▶ **Exercise goal**
What is wanted is every line below from the one with "Orange Festival, Warsaw 2008" up to and including the one with "Russia Krasnoyarsk City 2008-03-01", retyped exactly, pictures excluded, nothing else.

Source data

§ §

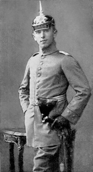 Flight Lieutenant Max Immelmann before 1915.
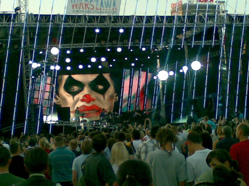 Orange Festival, Warsaw 2008
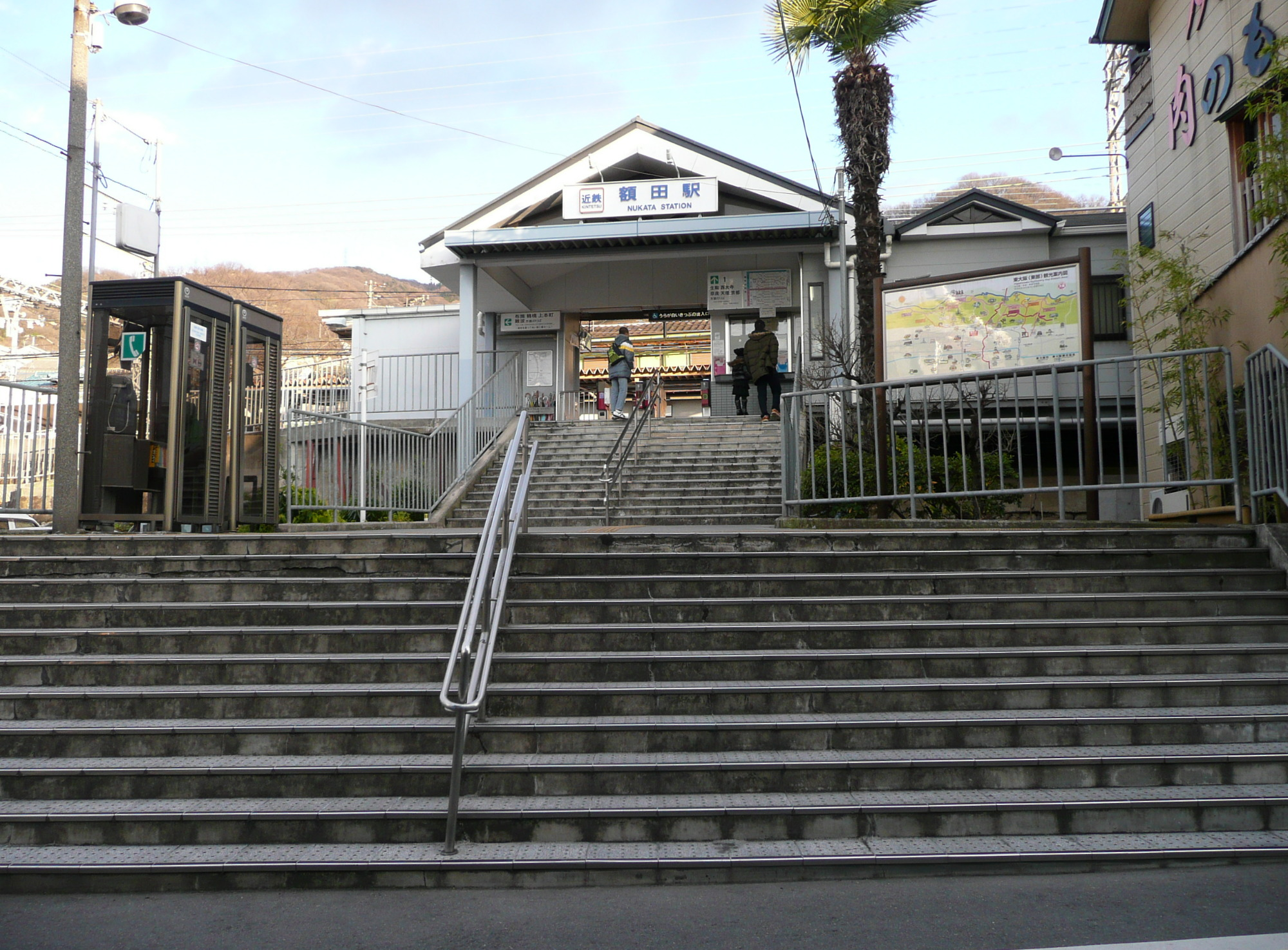 Kinki Nippon Railway,Nara Line,Nukata Station west entrance.
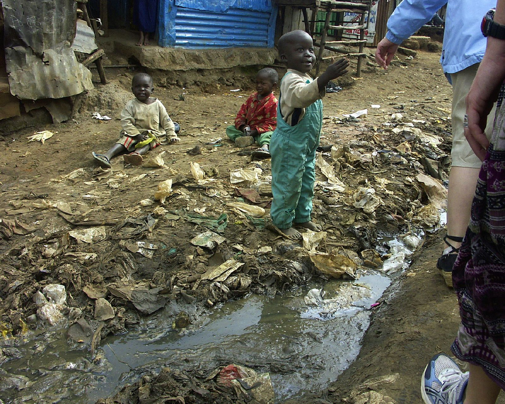 Children and open sewer in Kibera.
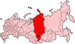 Russia Krasnoyarsk City 2008-03-01
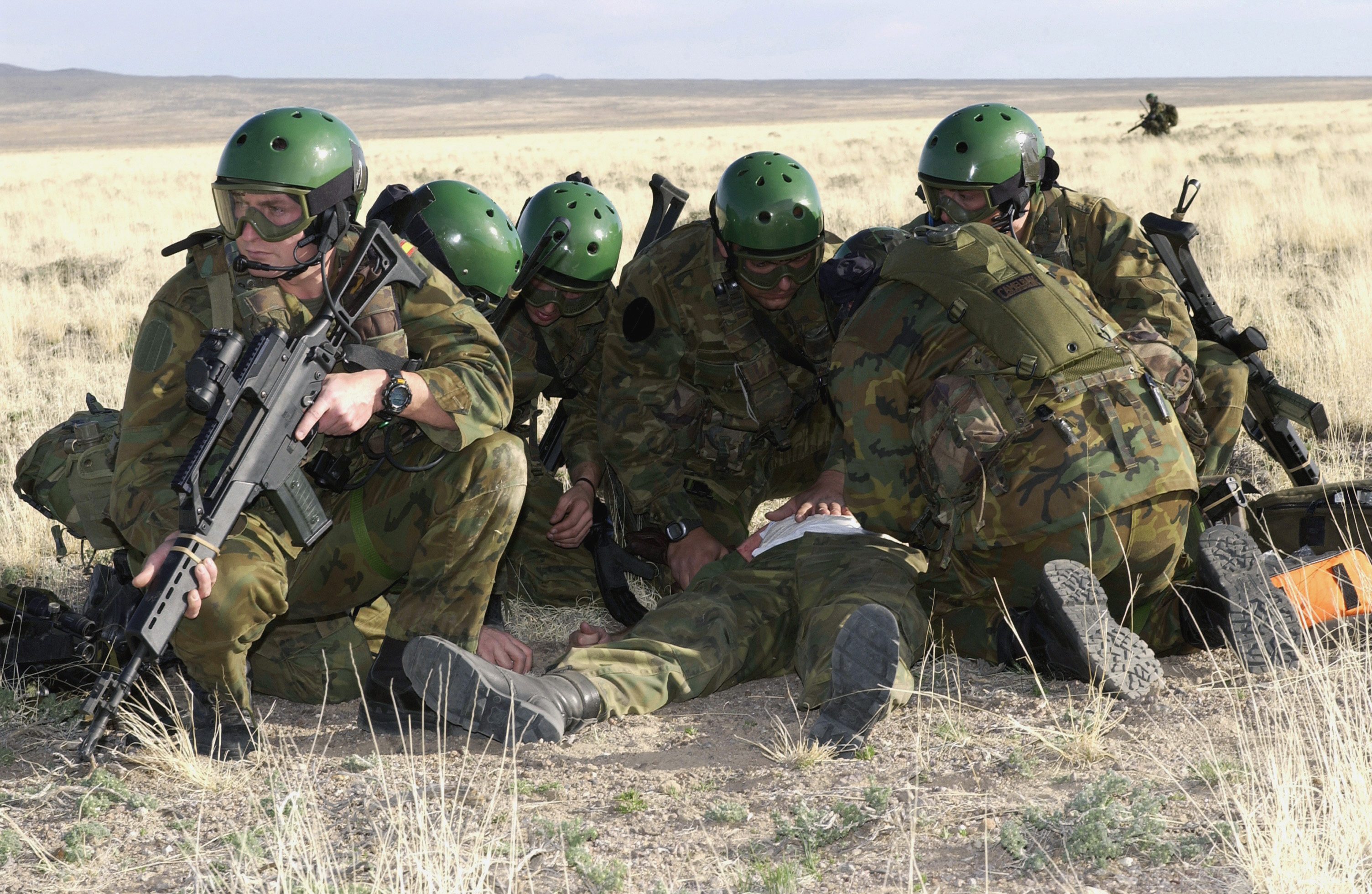 Spanish Special Forces (UOE) medics treat a simulated abdominal injury, and waits for the patient to be air evacuated. The evacuation is part of a Red Flag combat Search And Rescue (SAR) exercise held near the Tonopah Test Range, Nevada (NV).Location: Nellis Air Force Base, Nevada (USA)
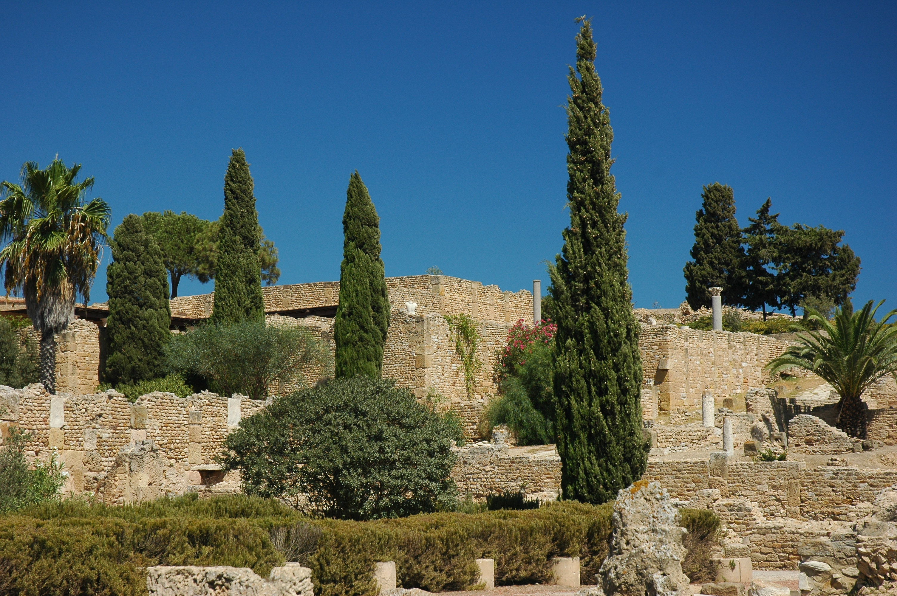 Tunisie Carthage Photographie prise par Patrick GIRAUD

§ §

▶ **Solution to this problem**
 Orange Festival, Warsaw 2008
 Kinki Nippon Railway,Nara Line,Nukata Station west entrance.
 Children and open sewer in Kibera.
 Russia Krasnoyarsk City 2008-03-01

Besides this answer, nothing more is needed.